Some people with a modicum of common sense have already realized that this is about myself. It's about how Westerners persecuted Native Americans, and even other former colonies.
This is not an overinterpretation, because Yu Qie himself is a Chinese writer who has always spoken out for the Third World.
In the novel, the strange script and the cultural origins, along with "Li's" ethnicity, all ultimately point to a powerful Eastern nation. When the reader grasps this point, the grand narrative deception laid out throughout the book is complete. It transcends the text, jumps out of the picture, and simultaneously interrogates both the protagonist "Li" and the reader within the story.
Then "Li" chose to press the nuclear button, perishing together with the enemy.
The story ends abruptly here, leaving the reader initially furious: How could you do this?!

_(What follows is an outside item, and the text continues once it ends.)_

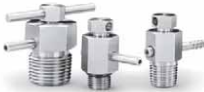
BV Series Bleed Valves

We could have lived together peacefully!
But is that really true?
This is not a science fiction novel, but a realistic novel.
Think about what has happened in human history. Where did those Native Americans go? Why is the Third World still poor? Their soil, water, and food... have all been taken away.
You want me to be your slave? No, we might as well both die!
Was pressing the nuclear button the best answer? "Li" did the right thing.
As a result, the reader will calm down from their excitement and fall into melancholy.